I had no idea! To prepare for the February 1 interview, I had read two books and countless stories and interviews, watched others on video, sifted through scores of readers questions, asked everyone I knew for their own suggestions, and tried to get as smart as I could about an 84-year-old jurist who has been writing and speaking about important stuff her entire life.
But it didn’t occur to me that her grandfather would have been a devotee of the Forverts, the Yiddish Forward, begun in 1897 and still published in a monthly print edition and daily online.
I was thrilled to learn this bit of personal history. Her parents, Russian Jewish immigrants, settled in a working class area of Brooklyn, and Ginsburg recalled visiting her grandfather on Sunday afternoons.

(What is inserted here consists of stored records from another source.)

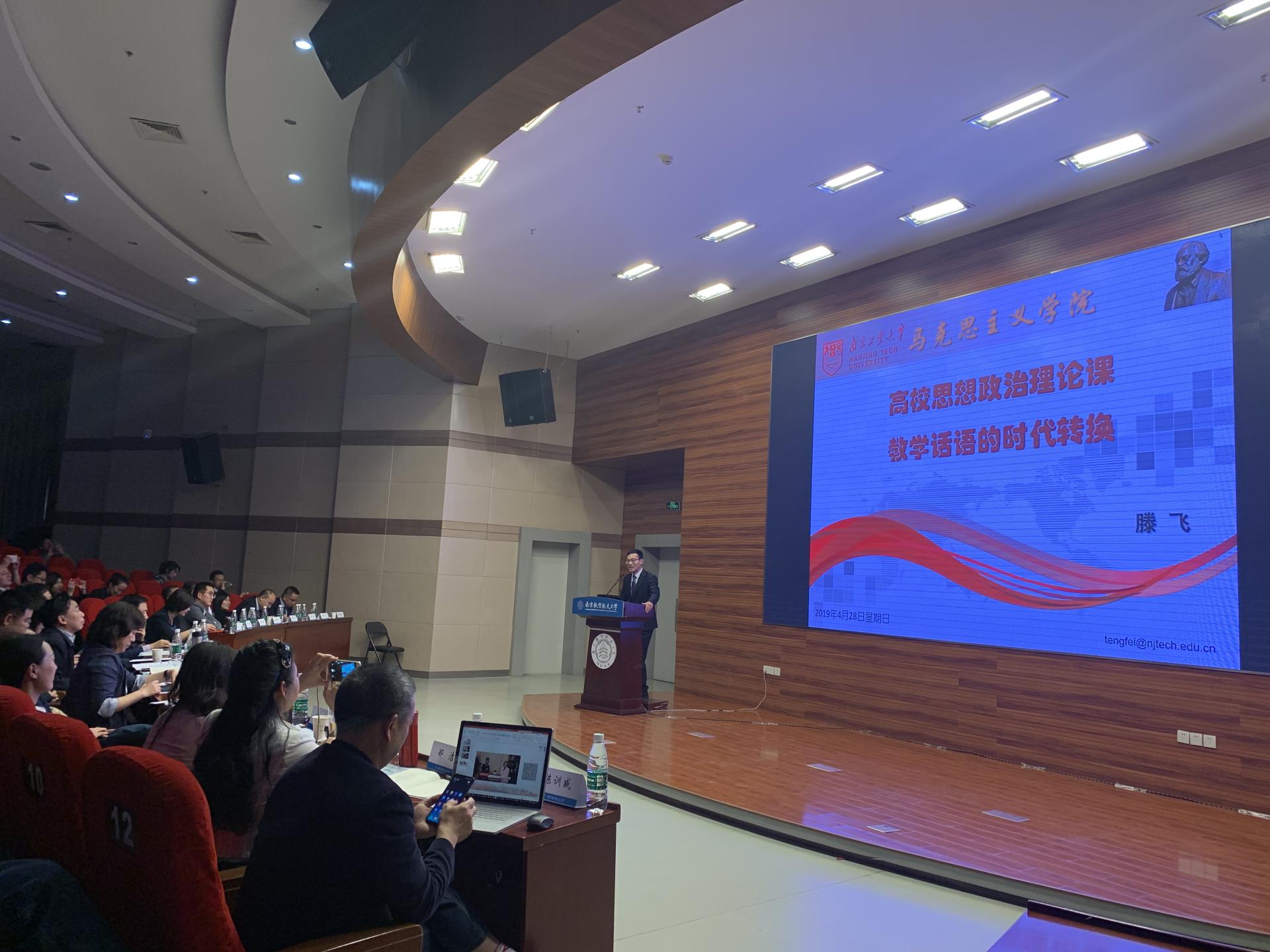 公司经理助理、思想道德修养兼法律基础教研室主任滕飞老师受邀作为江苏高校优秀青年教师代表做了题为“高校思想政治理论课教学话语的时代转换”的主题发言。他分析了当前高校思想政治理论课教学的“失语”现象及其成因;着重探讨了高校思想政治理论课教学话语转换的路径——文本话语向生活话语的转换,独白话语向对话话语的转换,灌输话语向情感话语的转换,传统话语向现代话语的转换,理论话语向实践话语的转换;强调了高校思想政治理论课教学话语转换的边界——扎根生活也要坚持政治原则,话语生动仍要保持价值理性,通俗易懂但是不能庸俗媚俗,实践教学不能代替理论讲授。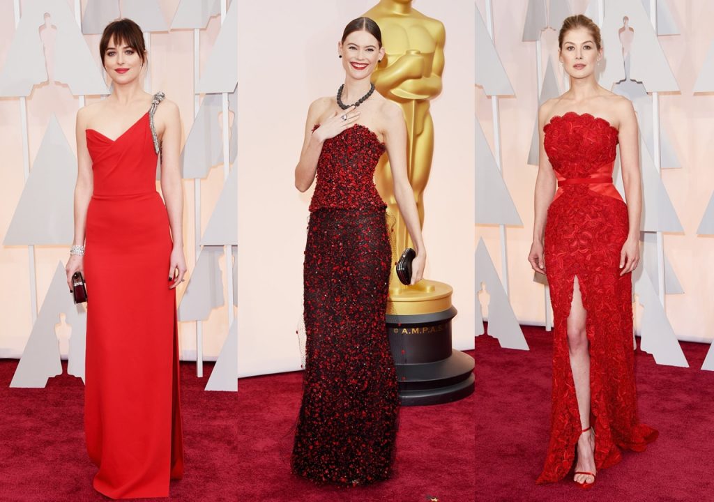 Otra de las actrices nominadas a Mejor Actriz, Rosamund Pike, por su interpretación en Gone Girl, eligió el rojo para su vestido, firmado por Givenchy. También eligieron el rojo: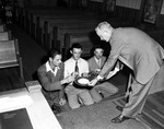 Shortly before these three brothers took communion at Wichita Avenue Methodist Church, they had all received orders to report for active duty with their Marine Air Reserve unit. Left to right are, Tech Sergeant Thomas R., Private First Class John L., and Private Harry C. Oxford. The young men are the sons of Mr. and Mrs. H. V. Oxford, of 311 South Henderson. Officiating to the right of the image, is their pastor, Reverend L. R. Vanderpoo. Published in the evening edition, August 7, 1950.

“He would sit at the head of the table as his children and grandchildren gathered with Forverts spread out in front of him,” she told me.
Pretty cool.
But certainly not the only cool thing about this extraordinary experience.
I’m working on a longer essay about what I learned from the interview about Ginsburg and her unlikely celebrity, but I’m happy here to share a few preliminary thoughts and observations.
- She may appear wispy and frail, and she does move with a deliberate slowness, but there is nothing unsteady about her mobility or her speech. I first met her about a dozen years ago, and even then, she was soft-spoken and given to pauses. (In fact, I remember being cautioned not to interrupt her, and that turned out to be good advice for this interview.)
- She’s an impeccable dresser. Everything in her presentation was beautifully coordinated, down to the gray gloves that she removed just before going on stage. This tells me that she is a woman who cares about the details of her appearance, in much the same way as she is a stickler for details in her work.
- She loves to tell stories — whether about her own life, or the cases she is most proud of, or the legal history that she clearly wishes more people studied. I’m convinced this is one key to her celebrity: an intuitive understanding of the role of story-telling in the projection of leadership.
RBG around the world. Thanks to the power of technology, viewers from all over the country and the world were able to tune into the livestream of the interview. About 4,500 readers RSVPd to tell us they planned to tune in to the webcast. Our crack marketing team reached out to synagogues, Jewish community centers and museums, and more than 300 said they’d watch the webcast.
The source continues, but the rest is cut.